* **RECORDED INFORMATION**
=== Section Start ===

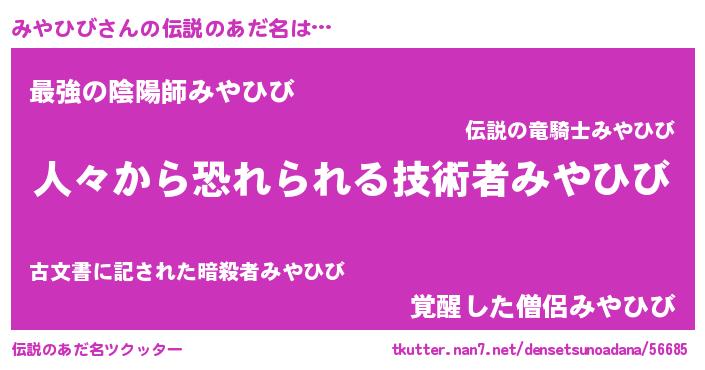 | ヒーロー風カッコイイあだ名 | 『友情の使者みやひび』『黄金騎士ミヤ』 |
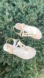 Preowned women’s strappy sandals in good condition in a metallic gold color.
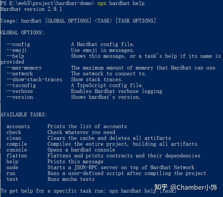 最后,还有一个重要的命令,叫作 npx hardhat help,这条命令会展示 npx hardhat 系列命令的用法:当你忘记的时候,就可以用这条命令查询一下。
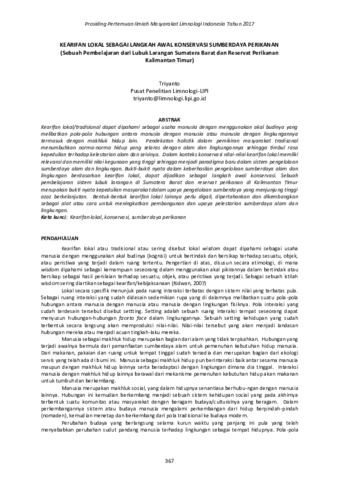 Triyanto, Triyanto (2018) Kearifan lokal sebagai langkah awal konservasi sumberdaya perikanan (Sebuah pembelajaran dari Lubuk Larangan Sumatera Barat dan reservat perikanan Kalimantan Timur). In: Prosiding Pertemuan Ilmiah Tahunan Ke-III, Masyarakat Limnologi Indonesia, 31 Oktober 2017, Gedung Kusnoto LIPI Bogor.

=== Section End ===

* **EXERCISE DIRECTIONS**
Exact repeats of the lines from the first one in the data through the line containing "最后,还有一个重要的命令,叫作 npx hardhat" make up the answer. Pictures do not.

* **RESPONSE TO THIS EXERCISE**
 | ヒーロー風カッコイイあだ名 | 『友情の使者みやひび』『黄金騎士ミヤ』 |
 Preowned women’s strappy sandals in good condition in a metallic gold color.
 最后,还有一个重要的命令,叫作 npx hardhat help,这条命令会展示 npx hardhat 系列命令的用法:当你忘记的时候,就可以用这条命令查询一下。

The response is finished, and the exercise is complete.